Tories must be looking at the Labour infighting with glee.

I don't get why the Blairite faction in Labour doesn't like Corbyn though. Why do they think he's so unelectable and that his supporters are using Labour's assets to split off? Are Corbyn's supporters trying to take control of Labour and impose themselves on the Blairites?
 
http://www.theguardian.com/politics...ny-jk-rowling-laments-corbyns-strong-position

Interesting article. JK Rowling is getting a lot of heat on twitter for this tweet.



It'll be interesting to see what happens now. If the leftist pro-Corbyn group in Labour split off from the Labour party and form another party, the Tories will win election after election. Labour votes in every seat will be split too much.

Tories must be looking at the Labour infighting with glee.

I don't get why the Blairite faction in Labour doesn't like Corbyn though. Why do they think he's so unelectable and that his supporters are using Labour's assets to split off? Are Corbyn's supporters trying to take control of Labour and impose themselves on the Blairites?
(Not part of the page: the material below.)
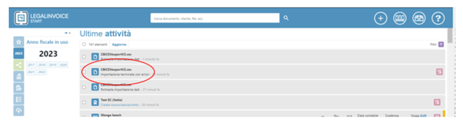 Nel caso in cui l’importazione termini con errori è possibile scaricare il file con i dettagli.

They don't think that they're asset stripping thats just one in a long line of attack peices.

They're mostly longstanding members, donors, career politicians, it's their party and they dont want to concede control to a new branch or to the members. No different to most organisations in that regard.

Of course its their own failures that have led to this but im yet to see much acceptance of that. In a way i think they're also using Corbyn to embody all those failures, to provide something tangible to fight against. Its better to paint someone as untrustworthy on the economy and throw them under the bus, thus making any alternative more trustworthy, than it is to stand there and simply tell the public you're now trustworthy.
 
Nice of Nick Cohen to take time out of glorifying the Iraq war (even post Chilcot) to talk about immorality.

Thanks for posting it though, one of the most hilariously hypocritical things I've ever seen.
Yeah I'm getting slightly tried of the ''critic'' of the Corbyn by people like Nick Cohen. He's right that the Corbyn links to foreign policy aren't great or some what extreme but the fact is people like Corbyn hadn't been in power and the people who have(People who have similar views to Mr Cohen)have done nothing but blow huge chucks of the middle east up and backed dictatorships for the past 16 odd years. So I think it's fair to say Operation Democracy Bombing the middle east hasn't worked.

Still can't be too mad a Nick, as he's got a great sense of humour. He want Liz Kendall was going to win the last leadership election.